Wayne listened to it in his mind. He thought calling them gentlemen because of the way they looked, being sarcastic, would sound good but it didn’t, it was dumb. No, leave it off, just say . . . And said out loud:
“I’ve been waiting for you.”
Behind him, the walking boss said, “We’re right here, Wayne. What’s the trouble?”
The raising-gang foreman was behind the walking boss, both of them standing on the open-iron girder. They watched Wayne look up over his shoulder, welding goggles on his hard hat turned backward, maybe a little surprised to see them, that was all. They watched him get to his feet.
“No trouble,” Wayne said. “I’ll move out of your way.”

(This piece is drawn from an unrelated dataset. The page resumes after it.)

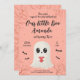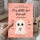 Tarjeta de cumpleaños adorable con tema de Halloween que presenta un fantasma kawaii sosteniendo un corazón rojo, rodeado de murciélagos voladores y detalles espeluznantes pastel. Perfecta para fiestas de octubre para niños, cumpleaños de otoño y celebraciones de Halloween no tan aterradoras. Este diseño de fantasma pastel adorable es dulce, festivo e ideal para agregar un toque de diversión a cualquier reunión de la temporada espeluznante.

The walking boss and the raising-gang foreman watched him walk the girder to the column at the south end of the structure, on the corner, swing out around it, gripping the outer flange with his gloves and the instep of his work shoes, and slide down two levels to the decked-in tenth floor. They watched him pause. From where he was now he could take ladders down to each floored level.
Maybe he was going to and changed his mind, favoring the express route. They watched him slide down the column the entire hundred feet or more, all the way to the ground where the guys were standing around watching, and head for the steel-company trailer.
The walking boss looked at the raising-gang foreman. Neither of them said anything.